The eighth section of the act of Congress of the 6th of March, 1820, did not, in my opinion, operate to determine the domestic condition and status of the plaintiff and his family during their sojourn in Minnesota Territory, or after their return to Missouri.

The question occurs as to the judgment to be given in this case. It appeared upon the trial that the plaintiff, in 1834, was in a state of slavery in Missouri, and he had been in Missouri for near fifteen years in that condition when this suit was brought. Nor does it appear that he at any time possessed another state or condition, de facto. His claim to freedom depends upon his temporary elocation, from the domicil of his origin, in company with his master, to communities where the law of slavery did not prevail. My examination is confined to the case, as it was submitted upon uncontested evidence, upon appropriate issues to the jury, and upon the instructions given and refused by the court upon that evidence. My opinion is, that the opinion of the Circuit Court was correct upon all the claims involved in those issues, and that the verdict of the jury was justified by the evidence and instructions.

The jury have returned that the plaintiff and his family are slaves.

Upon this record, it is apparent that this is not a controversy between citizens of different States; and that the plaintiff, at no period of the life which has been submitted to the view of the court, has had a capacity to maintain a suit in the courts of the United States. And in so far as the argument of the Chief Justice upon the plea in abatement has a reference to the plaintiff or his family, in any of the conditions or circumstances of their lives, as presented in the evidence, I concur in that portion of his opinion. I concur in the judgment which expresses the conclusion that the Circuit Court should not have rendered a general judgment.

The capacity of the plaintiff to sue is involved in the pleas in bar, and the verdict of the jury discloses an incapacity under the Constitution. Under the Constitution of the United States, his is an incapacity to sue in their courts, while, by the laws of Missouri, the operation of the verdict would be more extensive. I think it a safe conclusion to enforce the lesser disability imposed by the Constitution of the United States, and leave to the plaintiff all his rights in Missouri. I think the judgment should be affirmed, on the ground that the Circuit Court had no jurisdiction, or that the case should be reversed and remanded, that the suit may be dismissed.


Mr. Justice CATRON.

The defendant pleaded to the jurisdiction of the Circuit Court, that the plaintiff was a negro of African blood; the descendant of Africans, who had been imported and sold in this country as slaves, and thus had no capacity as a citizen of Missouri to maintain a suit in the Circuit Court. The court sustained a demurrer to this plea, and a trial was had upon the pleas, of the general issue, and also that the plaintiff and his family were slaves, belonging to the defendant. In this trial, a verdict was given for the defendant.

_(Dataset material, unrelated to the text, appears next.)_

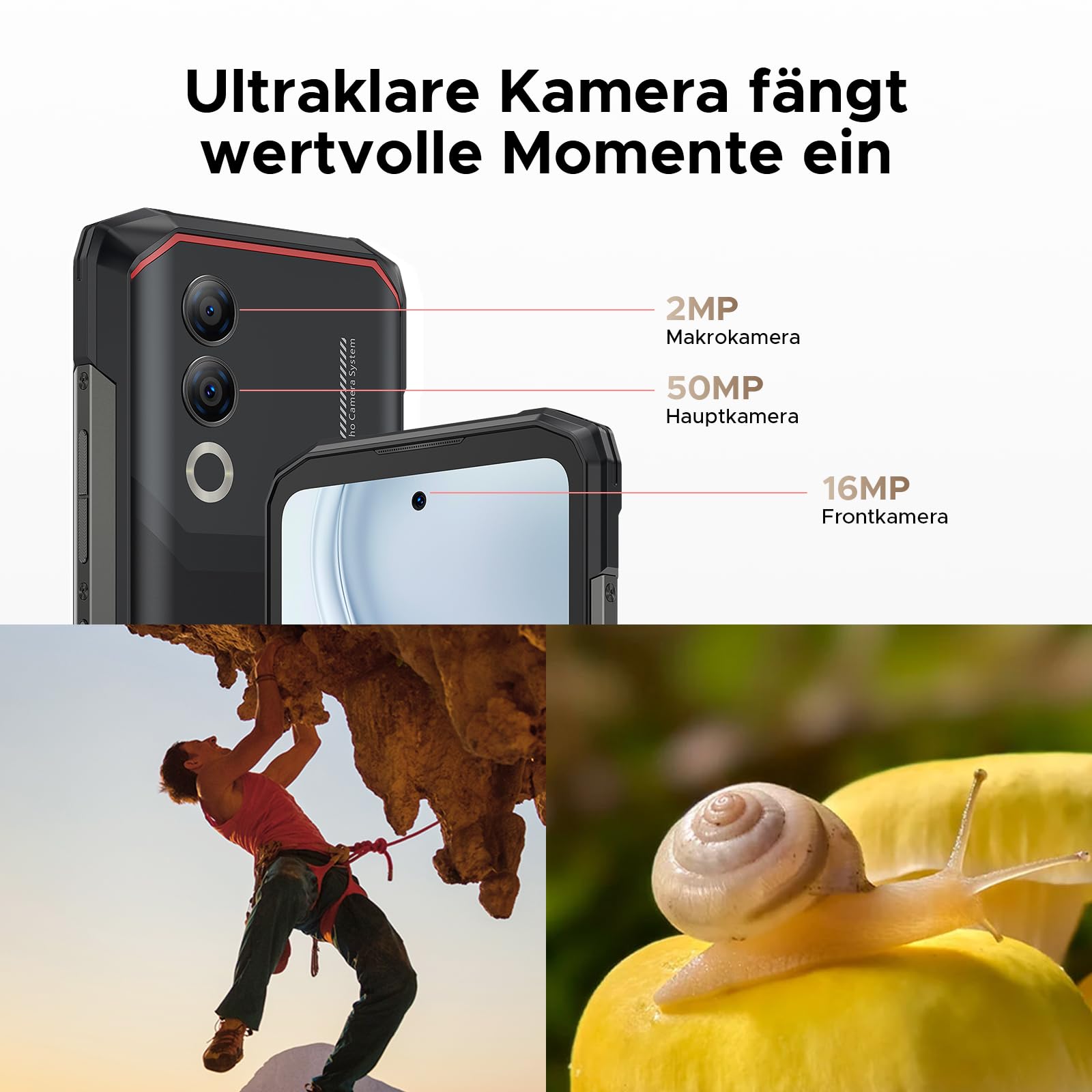 - 📸📸【50MP AI Hauptkamera & 16MP Frontkamera & Face ID】 DOOGEE Blade 20 Turbo Outdoor Handy ohne vertrag ist mit einer 50MP Haupt AI Kamera und einer 16MP Frontkamera mit Funktionen wie HDR, Bild usw, um noch mehr schöne Momente festzuhalten. 5G Smartphone unterstützen die intelligente Erkennung durch Google AI und machen Ihr Leben intelligenter. Darüber hinaus ermöglicht Ihnen die integrierte Gesichtsentsperrfunktion des DOOGEE Blade 20 Turbo einen schnellen und sicheren Zugriff auf Ihr smartphone.

The judgment of the Circuit Court upon the plea in abatement is not open, in my opinion, to examination in this court upon the plaintiff's writ.

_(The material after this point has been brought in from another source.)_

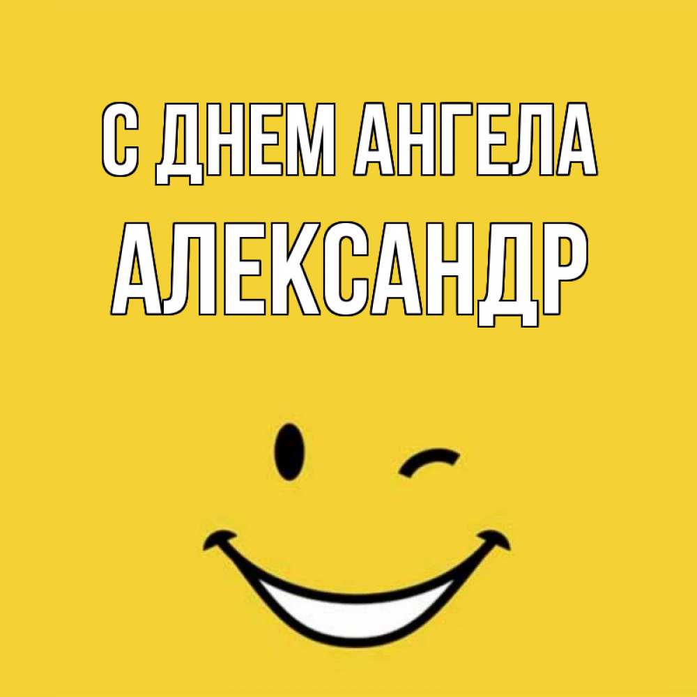 Открытка С днем Ангела Александр. Смайл улыбается и подмигивает. оранжевый фон

The judgment was given for him conformably to the prayer of his demurrer. He cannot assign an error in such a judgment. (Tidd's Pr., 1163; 2 Williams's Saund., 46 a; 2 Iredell N.C., 87; 2 W. and S., 391.) Nor does the fact that the judgment was given on a plea to the jurisdiction, avoid the application of this rule. (Capron v. Van Noorden, 2 Cr., 126; 6 Wend., 465; 7 Met., 598; 5 Pike, 1005.)